沖田氏の考えとは異なるかもしれないが、中絶胎児のみならず今生きている人たちも「透明」になり得ると考える。というより、わたし自身が「透明」にしてしまう可能性があると思った。
予め長く生きるのは難しいと言われる新生児や終末期の患者、当事者の願いや生きていた時間を意識するのを忘れ、「長く生きられれば幸せだろう」などと軽々しく考えてしまうかもしれない。

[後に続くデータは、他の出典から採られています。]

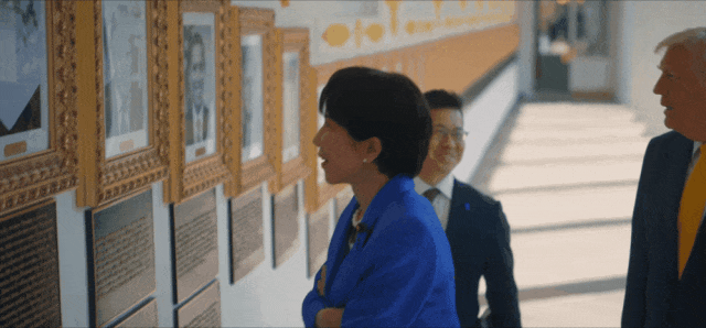 反正,视频显示,经过白宫“总统星光大道”走廊时,一看到特朗普的照片,高市两眼放光,伸出双臂,张大嘴巴。 崇拜、爱慕、倾倒,扑面而来。 但看到拜登的照片(实际不是拜登,特朗普特意放了一张“自动签名机”),完全相反。高市忍不住捂嘴,吃吃而笑。
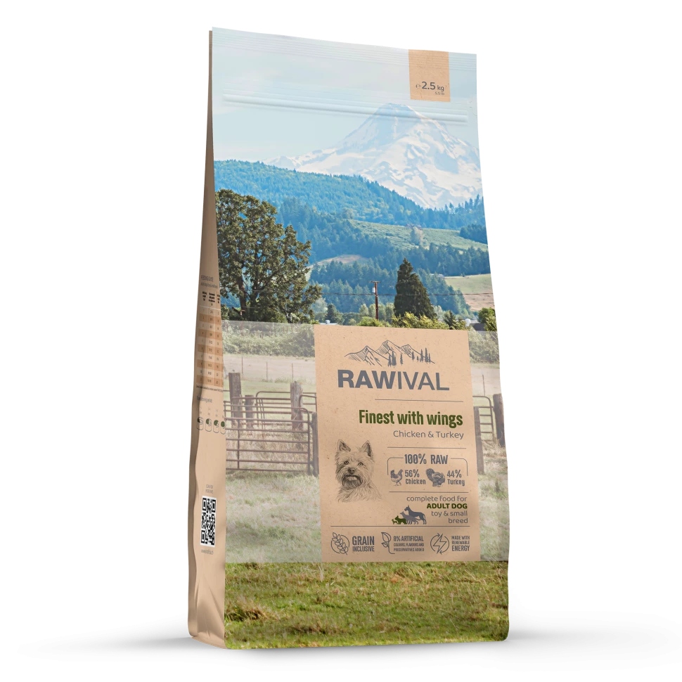 Курица и индейка. Полнорационный корм для взрослых собак карликовых и маленьких пород. Ингредиенты: сырая бескостная курица (20%), сырая бескостная индейка (16%), дегидратированный белок курицы (12%), дегидратированный белок индейки (11%), куриный жир, гидролизованный белок птицы (курица, индейка), гидролизованный белок рыбы (треска, пикша), рыбий жир (из лосося), спельта, коричневый рис, ячмень, овёс, просо, куриные потроха (печень, сердце, почки), сушёные цельные яйца, льняное семя, сушёная свекольная пульпа, мука из люцерны, гороховая клетчатка, инулин цикория (0,4%), экстракт дрожжей (источник маннанолигосахаридов) (0,3%), фруктоолигосахариды (0,3%), сушёный аскофиллум узловатый, карбонат кальция, монокальцийфосфат, хлорид калия, хлорид натрия, сушёные пивные дрожжи, глюкозамин, хондроитина сульфат, сушёная клюква, сушёная ацерола, сушёная черника, сушёная спаржа, сушёный розмарин, сушёная куркума, сушёная календула, семена и шелуха семян подорожника, экстракт юкки Шидигера. В связи с особенностями производства готовый продукт может содержать в следовых количествах растительные и животные белки (курица, индейка, говядина, баранина, кролик, утка, свинина, рыба, коза, гусь), которые используются заводом в других рецептурах.
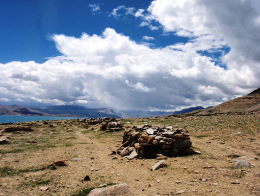 Polokongka 峠からSumdo Gongmaにおり、ツオー・モリリに向かうつづら折れの立派な舗装道路を30分ほど車で上がると、大きなケルンが積まれたNamkshang La峠(又の名はNusgar La)だ。峠から一段おりると、ツオー・モリリの手前にある小さな湖のKyogar Tsoに降り立つ。
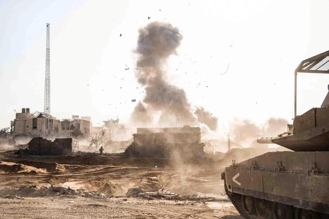 Smoke rises next to damaged buildings as Israeli military vehicles operate in the Gaza Strip.
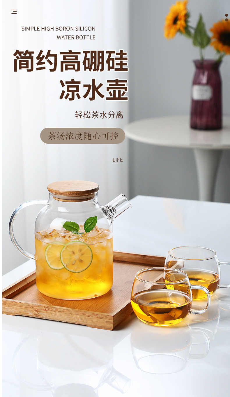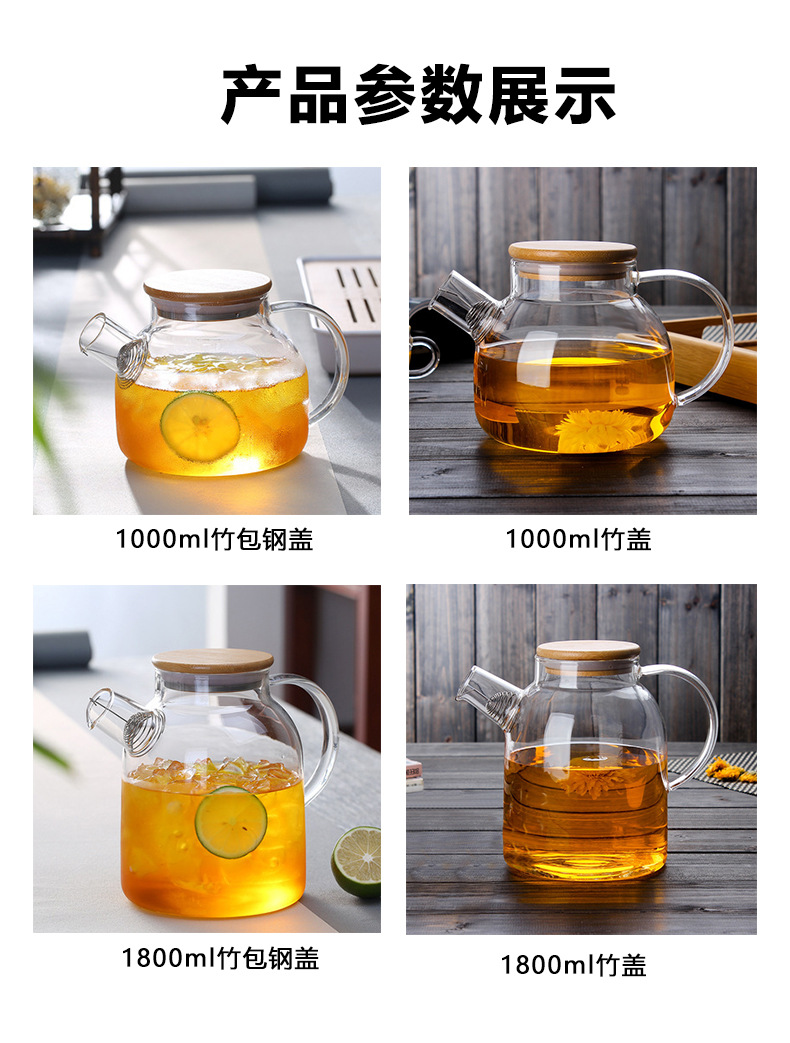 竹蓋壺ジュース壺家庭用高ホウ素シリコン冷水筒電気陶炉加熱花急須透明ガラス冷水筒
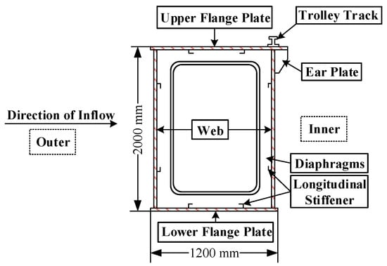 Figure 3 shows the structural diagram of a 40 t gantry crane box beam. The box girder of gantry cranes is mostly the rectangular cross-section, which is mainly composed of upper and lower flange plates and webs on both sides. The inner part is set with diaphragm and longitudinal stiffeners to enhance the local stability of the box girder, and a trolley track is installed on the top of the upper flange plate. The spreader, wire rope of the crane lifting mechanism will run in the space outside the inner web of the box girder. Generally, no functional mechanism is installed outside the outer web of the box girder. Therefore, the utilization of the outer space of the windward web (outer web) will not affect the operation of the mechanism.
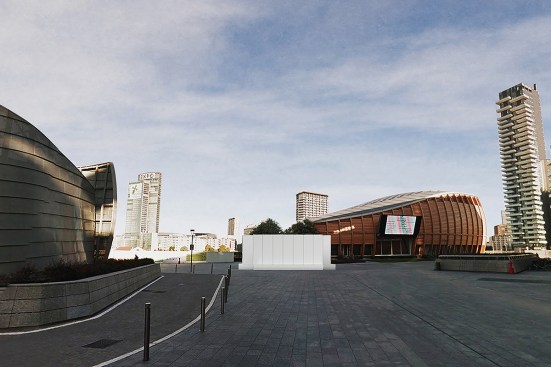The outside panels – made of the innovative Krion material – are designed as "empty canvases", which can be decorated by anyone wanting to express their creativity. Drawings, murals and thoughts will find expression for 24 hours, before being easily erased to leave room for new creations the next day.
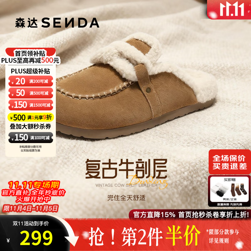 森达毛毛鞋女2025冬季新款商场同款保暖毛绒拖鞋XSR01DT5 棕色 38
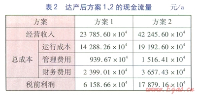 本文采用內(nèi)部收益率(稅前)、凈現(xiàn)值(稅前)、動態(tài)投資回收期(稅前)作為方案經(jīng)濟(jì)性評價指標(biāo)。內(nèi)部收益率的經(jīng)濟(jì)含義是項目在其壽命期內(nèi)未回收資金的預(yù)計收益率,項目投入運營后,投資額將通過每年所產(chǎn)生凈效益的形式逐步得到回收。已回收部分將用于再投資,未回收部分待繼續(xù)回收,內(nèi)部收益率就是指未回收部分的收益率,因此稱為內(nèi)部收益率。凈現(xiàn)值的經(jīng)濟(jì)含義是項目在其壽命期內(nèi)預(yù)計創(chuàng)造的全部凈效益。內(nèi)部收益率、凈現(xiàn)值都是反映項目贏利能力的指標(biāo),前者體現(xiàn)的是相對贏利能力,后者體現(xiàn)的是絕對贏利能力。內(nèi)部收益率、凈現(xiàn)值越大,項目贏利能力越強。動態(tài)回收期越短,說明項目收回投資額的時間越短。方案1、2的經(jīng)濟(jì)性評價指標(biāo)見表3。由表3可知,方案2的內(nèi)部收益率、凈現(xiàn)值均高于方案l,且方案2的動態(tài)投資回收期短于方案l,這說明方案2的經(jīng)濟(jì)性優(yōu)于方案l。
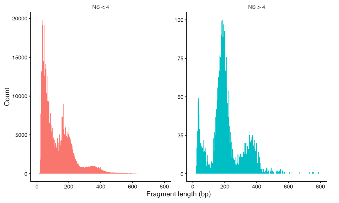 下图正常的核小体信应该在NS > 4的图片中的147~294bp区域有一个峰值,如果没有这个清晰的峰值,那么可以考虑建库或上游的分析存在问题。而NS < 4的图片,应该在< 147bp的区域出现峰值,否则考虑建库或上游的分析存在问题。
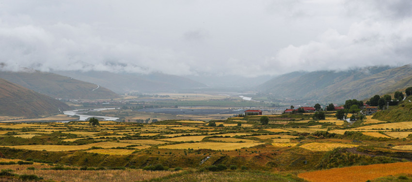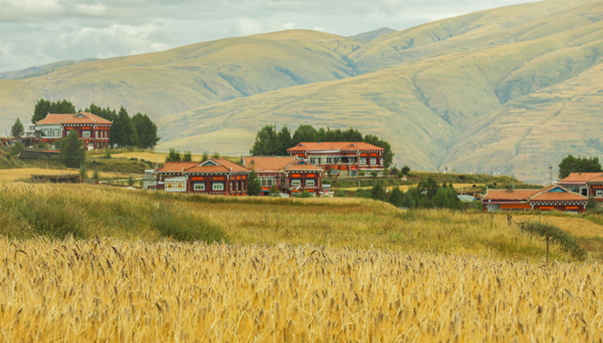 從立秋開始,陽氣漸收,萬物內斂。在希望的田野上,主色調也從象征繁茂、成長的翠綠向代表成熟收獲的金黃漸變。爐霍縣蝦拉沱鎮,藏房零星地點綴在田野間,成熟的農作物漸染了整個秋季,讓這個小村莊如同一幅色彩斑斕的油畫。
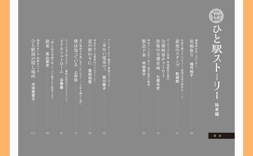 累計150万部を突破した宝島社の「ショートショート」シリーズの原点「5分で読める! ひと駅ストーリー」の降車編の新装版です。
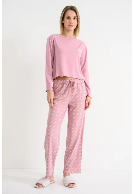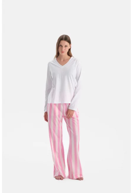 Дълга шпиц пижама от памук на райе - Бял - Розово -

考えればキリがなくて、もし自分が答えを出さなきゃならない立場に置かれたら、アオイが言うように、「自分が出した答えを信じるしかない」。けれど、想像は単純な言葉となるだけで、そして言葉は当事者からは遠ざかってしまう気がする。

 

そのようなテーマの中、ぎゅっとしてもらうことが子どもが親にしてもらいたいことだ、というアオイの答えはすとん、と胸に落ちた。それは感覚として理解できるからだ。

灯里の子どもの頃に亡くなった母は、物心ついた時には無菌室に入っていた。
「そばに行きたい。触っていたい。あなたの手はどれだけ温かいの? 髪はさらさら? 肌はふわふわ?
何かに隔てられたまま、さよならするのは、もう嫌」

 

全編を通して、皮膚感覚すらも伝わってくる『透明なゆりかご』。言葉に頼らないシンプルなその感覚をストレートに受け取るのは時にしんどさを伴うけれど、普段言葉にすることで零れ落ちてしまうものたちを忘れずにいられそうな気がする。